- Died: 2005 Prison, Barbados
- Occupation: Bus Driver
- Known for: Convicted murderer whose case involved appeals to the Inter-American Court of Human Rights
- Criminal charge: Murder
- Criminal penalty: Death sentence (mandatory)
- Criminal status: Died in prison before the execution could be carried out

= Frederick Atkins =

Barbadian murderer

Frederick Atkins (died 2005) was a convicted murderer who received a mandatory death sentence from a court in Barbados. He died in prison while the Inter-American Court of Human Rights was considering his appeal.

Atkins was a bus driver who was convicted in 1999 for the murder of 20-year-old Sharmaine Hurley in the previous October. In 2000 he received a mandatory death sentence. He received an execution warrant in June 2002 but it was stayed by the Judicial Committee of the Privy Council, the supreme court of Barbados. On 3 September 2004, Atkins and three other death row inmates in Barbados appealed their sentences to the Inter-American Commission on Human Rights.

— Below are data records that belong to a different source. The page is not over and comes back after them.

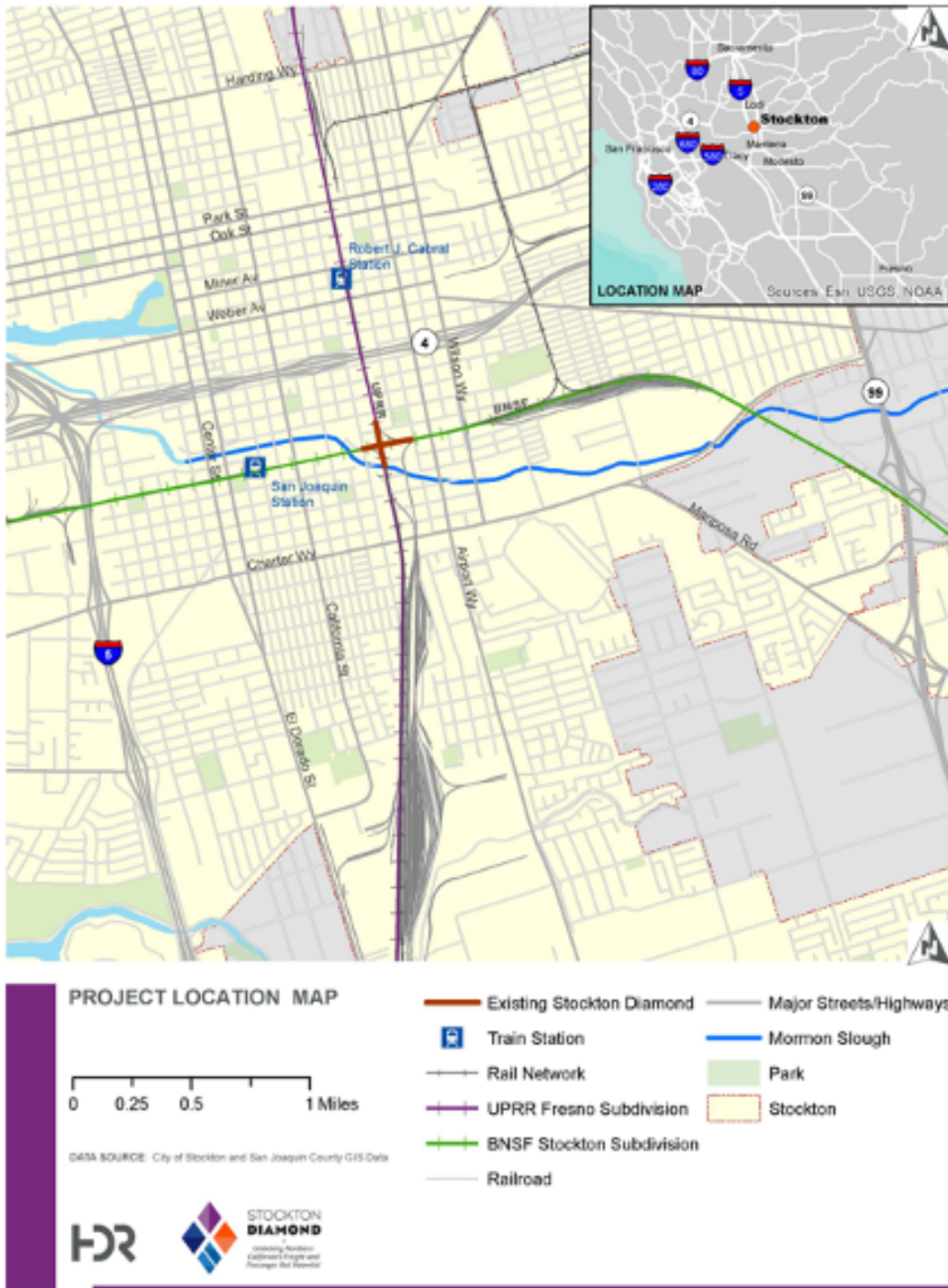
Figure 1 Project Vicinity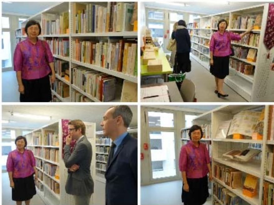
The University staffs presenting the books at the TRCCS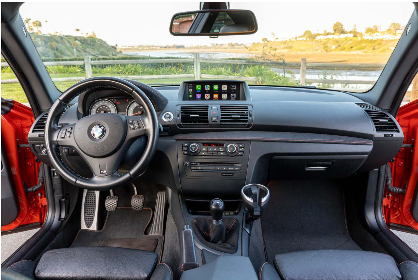
Entire dash from rear seat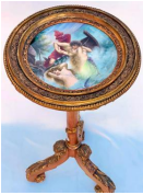
8006: BEAUTIFUL GILTWOOD AND PORCELAIN CENTER TABLE

Raised on three curved legs with beautiful gilt bronze details. With a finely hand-painted porcelain charger on the top center that depicts a maiden bidding farewells to ships, with a glass top.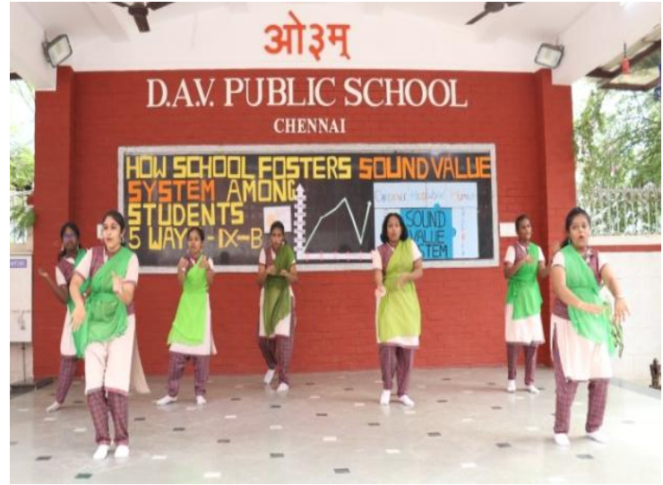
Dance on Humility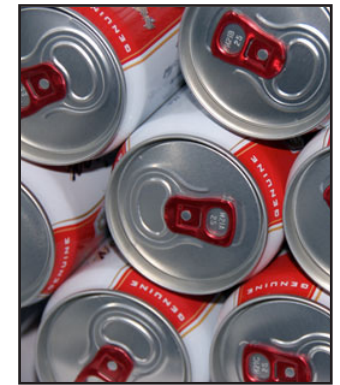
Retail: $6.49 Farmer: $0.05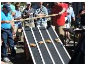
Other events included potato race cars and chipping golf balls. The golf balls went straighter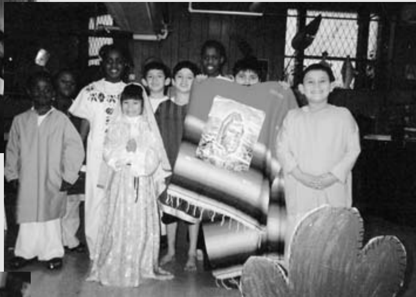
The members of the Guadalupe cast pose with some more of their ingenious stage-props, a replica of the tilma on which is imprinted the miraculous image of Our Lady of Guadalupe and in the foreground a cardboard cactus. One can also tell that much work went into the costumes used for both plays.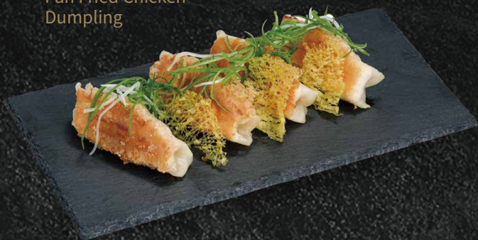
Pan Fried Chicken Dumpling

616 SHRIMP & ZUCCHINI SOUP DUMPLING (3PCS)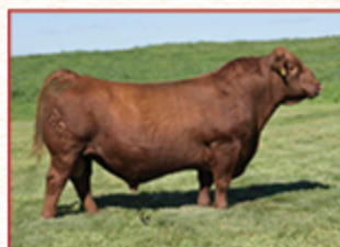
BIEBER HARD DRIVE Y120 SIRE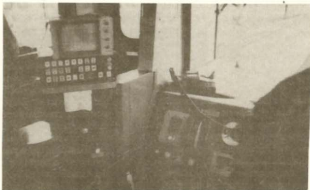
Fig. 4 CRT In Driving Cab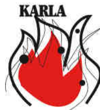
Karla means fire and is RED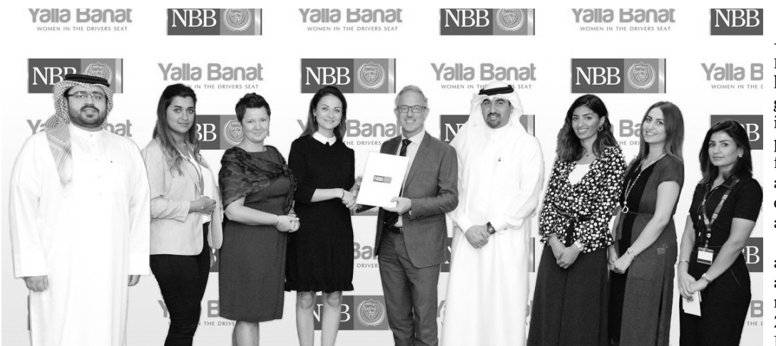
NBB continues support for women's empowerment with Yalla Banat partnership

The event will also comprise the first female motor show competition, which aims to symbolize the role that womforce in national and regional development today.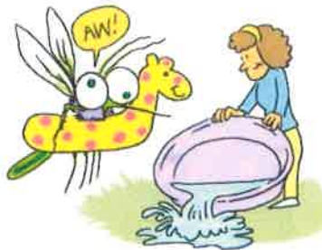
Drain unused swimming pools. Empty wading pools at least weekly.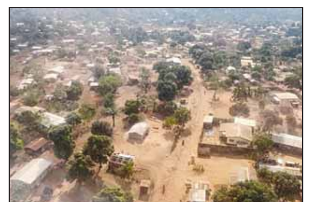
An aerial view of Bangui, Central African Republic, is seen on March 8, 2024.

"MINUSCA contingents are among the actors on the ground who sometimes commit violations. There have been reports of sexual abuse and exploitation by a number of contingents," Agbetsse told a news conference Thursday in Bangui, the capital.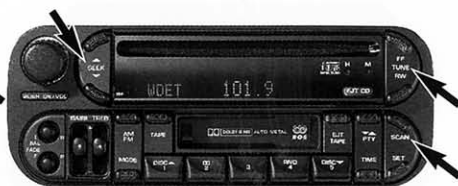
Premium Radio, Cassette and CD: RBP, RBU, RAZ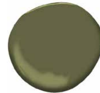
Benjamin Moore paint in Bonsai, benjaminmoore.com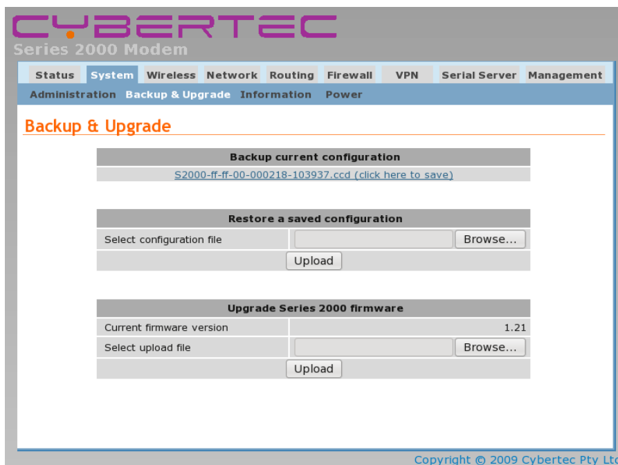
Figure 1: The System Backup & Upgrade page.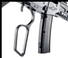
20RD STANDARD MAGAZINE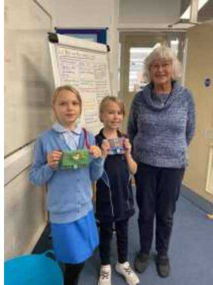
Some of our completed bags in sewing.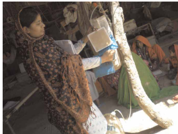
Figure 4 | Blocked Nerox™ membrane filter.

The majority of the study participants appreciated the visual improvement in water quality and an improved taste, which was associated with a perceived positive health impact. However, many problems were reported too. The long time needed to filter water, and the small quantities provided per day were reported by almost all study participants as problematic. Over 90% of the study participants cleaned the filters, either daily or every second day, although the manufacturer states that every 3 to 7 days should be sufficient. The frequent cleaning of the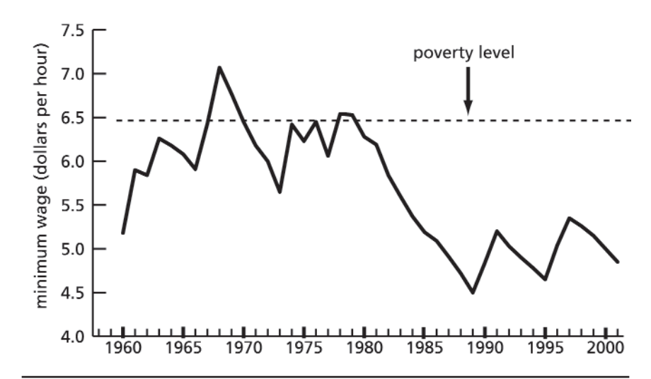
Chart 3: Minimum Wage in 1999 Dollars and Poverty Level for Family of 3 (assuming earning minimum wage for 52 weeks at 40 hours per week)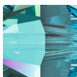
Aquamarine Shimmer (202 SHIM) 3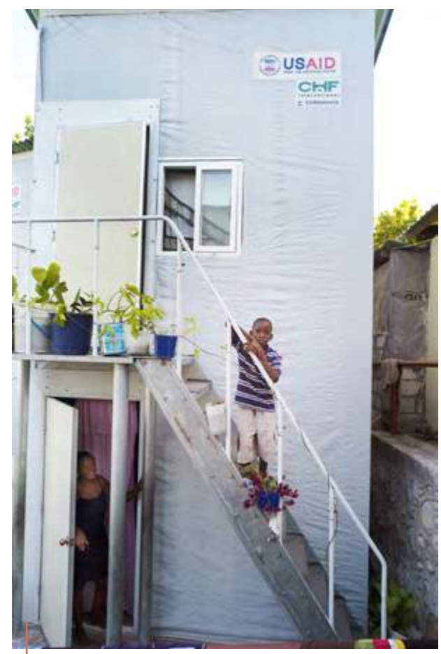
Residents in new housing in Ravine Pintade, a hilly area in the center of Port-au-Prince which was previously damaged by the earthquake. An extra floor was added to address the small size of the plots. Photo: CHF/Maggie Steber, May 2012

The Nansen principles build on the Human Rights Council 2009 report, which explores the link between disasters and human rights. As mentioned above, the report examines the impact of climate change and disaster-induced displacement on the enjoyment of specific rights and on vulnerable groups, and ways in which it contributes to forced displacement and conflict.<sup>61</sup>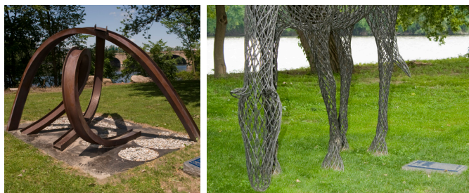
Sculptures shown: Secession (6), Jack (7), Union (10), Steamer (9), Toward Union Lines (4), Transcontinental (15), Circuit Rider (13)

Lincoln Financial provided funds in 2005 to the Greater Hartford Arts Council, in partnership with Riverfront Recapture, to design a sculpture walk along the Connecticut River in both Hartford and East Hartford.

On 9 February 2005, Barbados issued another death warrant for Atkins, informing him that he was scheduled to be executed by hanging on 14 February. After appeals to the government by Amnesty International and the Special Rapporteur of the United Nations Commission on Human Rights, the Barbados High Court agreed to stay the execution.

Later in 2005, Atkins died in prison of an illness. In December 2007, the Inter-American Court on Human Rights ruled that Atkins's mandatory sentence and the mandatory sentence provisions of the Barbados murder statute violate the right to life guarantees of the American Convention on Human Rights.